Take the entries below and reproduce exactly the portion that begins at the line containing "PKLI&RC has announced" and ends at the line containing "Зеленый парик из", keeping both ends, dropping pictures, and adding nothing else.

- Listed records:
▽

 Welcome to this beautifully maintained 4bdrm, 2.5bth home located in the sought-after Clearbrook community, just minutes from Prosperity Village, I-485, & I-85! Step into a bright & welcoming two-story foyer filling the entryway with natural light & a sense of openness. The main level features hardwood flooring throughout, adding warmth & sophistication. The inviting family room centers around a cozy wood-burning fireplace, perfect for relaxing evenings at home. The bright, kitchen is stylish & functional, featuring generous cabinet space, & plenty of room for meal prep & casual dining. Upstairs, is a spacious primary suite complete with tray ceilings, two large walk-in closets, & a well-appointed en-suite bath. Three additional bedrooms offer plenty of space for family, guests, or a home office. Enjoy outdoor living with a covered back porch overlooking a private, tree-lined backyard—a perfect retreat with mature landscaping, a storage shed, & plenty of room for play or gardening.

△
▽

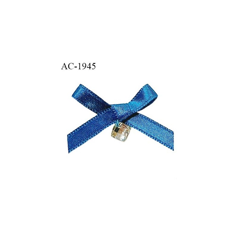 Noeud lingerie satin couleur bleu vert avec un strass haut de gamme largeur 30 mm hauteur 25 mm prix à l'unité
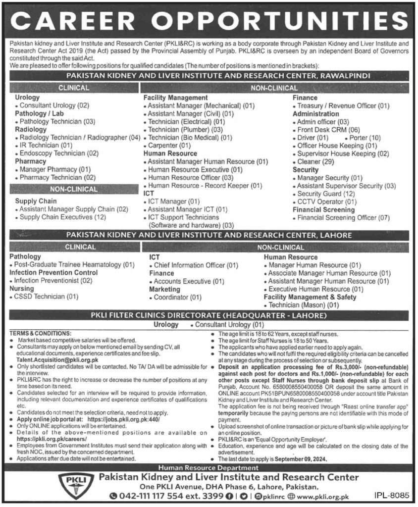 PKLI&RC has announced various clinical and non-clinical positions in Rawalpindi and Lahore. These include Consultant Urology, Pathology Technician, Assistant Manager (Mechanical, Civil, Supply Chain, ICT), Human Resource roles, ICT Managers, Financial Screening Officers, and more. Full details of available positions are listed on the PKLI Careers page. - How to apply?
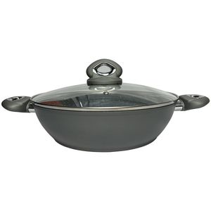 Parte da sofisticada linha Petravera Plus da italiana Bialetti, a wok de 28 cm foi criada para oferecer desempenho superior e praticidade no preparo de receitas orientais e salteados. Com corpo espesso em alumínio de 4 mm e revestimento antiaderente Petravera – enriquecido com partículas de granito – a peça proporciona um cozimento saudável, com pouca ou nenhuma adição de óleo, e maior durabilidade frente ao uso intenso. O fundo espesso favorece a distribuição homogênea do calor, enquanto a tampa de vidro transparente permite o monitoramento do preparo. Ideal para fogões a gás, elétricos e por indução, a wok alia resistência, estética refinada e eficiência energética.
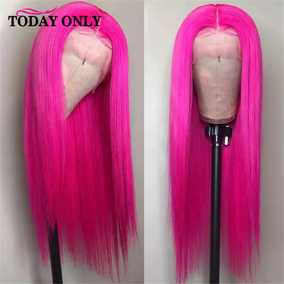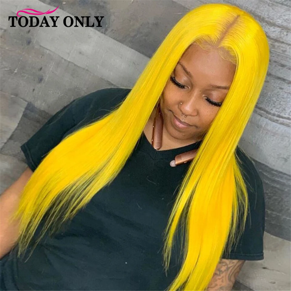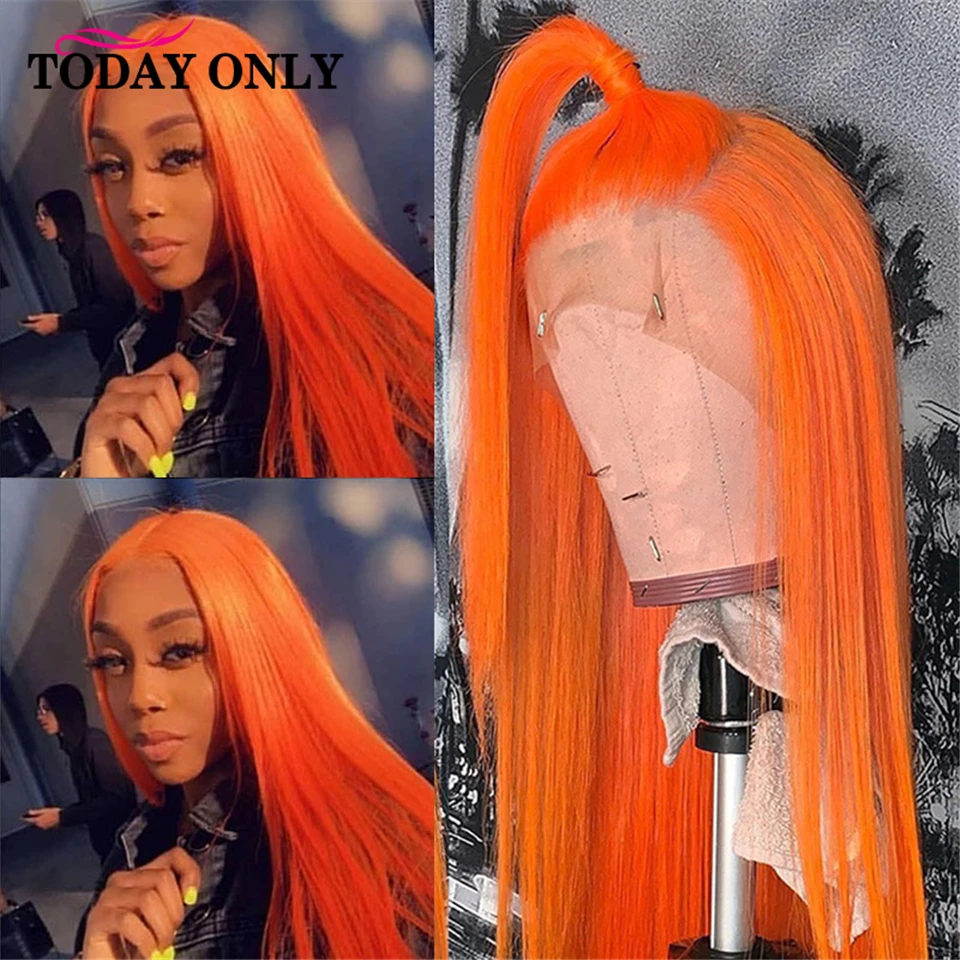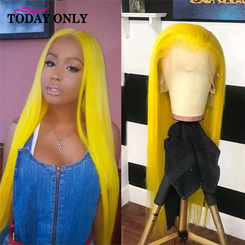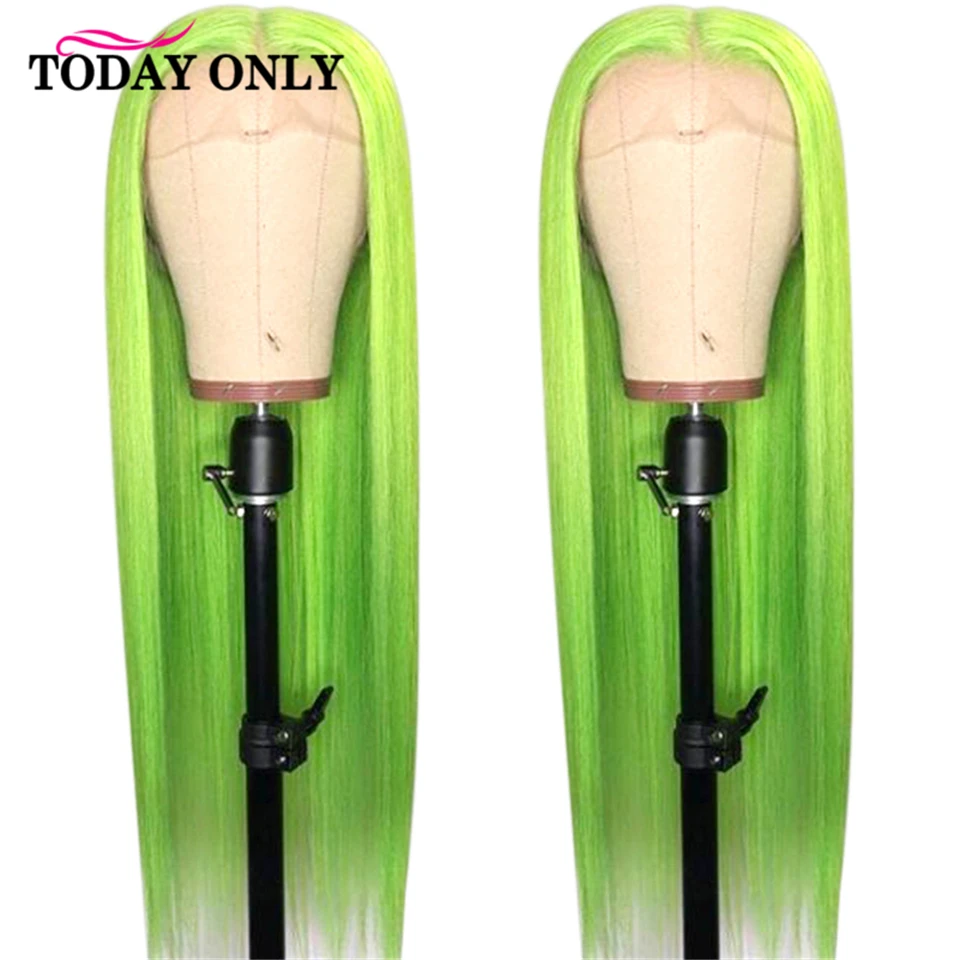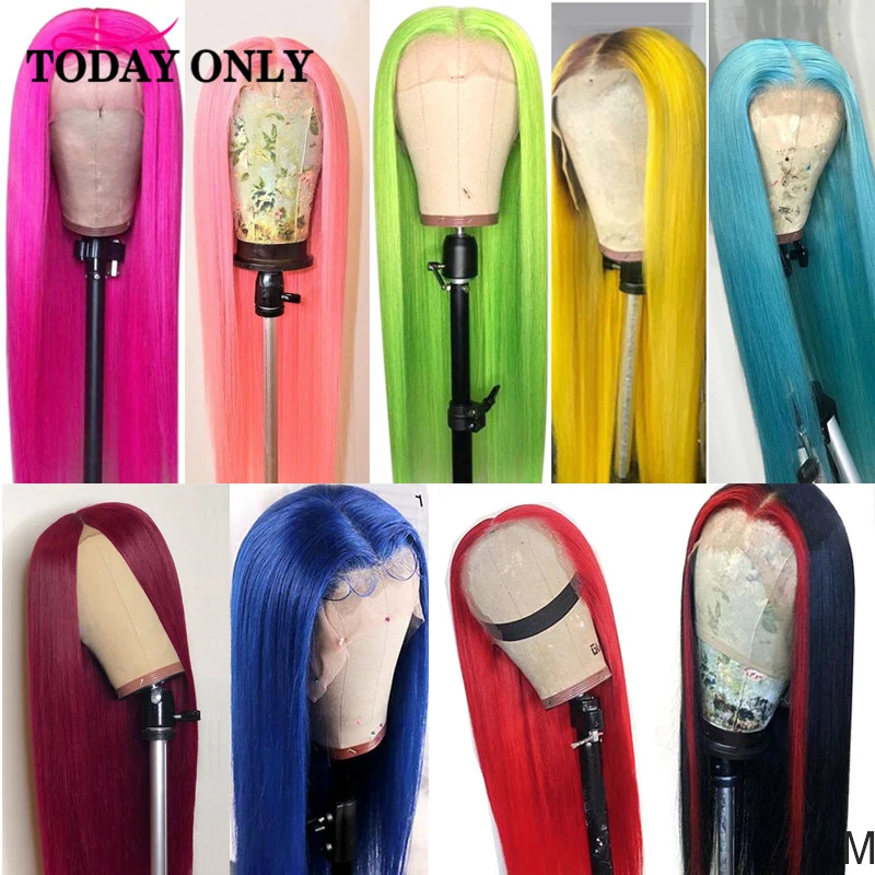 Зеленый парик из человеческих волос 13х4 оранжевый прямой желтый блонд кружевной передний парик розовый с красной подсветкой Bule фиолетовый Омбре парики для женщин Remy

△

- Result of this exercise:
 PKLI&RC has announced various clinical and non-clinical positions in Rawalpindi and Lahore. These include Consultant Urology, Pathology Technician, Assistant Manager (Mechanical, Civil, Supply Chain, ICT), Human Resource roles, ICT Managers, Financial Screening Officers, and more. Full details of available positions are listed on the PKLI Careers page. - How to apply?
 Parte da sofisticada linha Petravera Plus da italiana Bialetti, a wok de 28 cm foi criada para oferecer desempenho superior e praticidade no preparo de receitas orientais e salteados. Com corpo espesso em alumínio de 4 mm e revestimento antiaderente Petravera – enriquecido com partículas de granito – a peça proporciona um cozimento saudável, com pouca ou nenhuma adição de óleo, e maior durabilidade frente ao uso intenso. O fundo espesso favorece a distribuição homogênea do calor, enquanto a tampa de vidro transparente permite o monitoramento do preparo. Ideal para fogões a gás, elétricos e por indução, a wok alia resistência, estética refinada e eficiência energética.
 Зеленый парик из человеческих волос 13х4 оранжевый прямой желтый блонд кружевной передний парик розовый с красной подсветкой Bule фиолетовый Омбре парики для женщин Remy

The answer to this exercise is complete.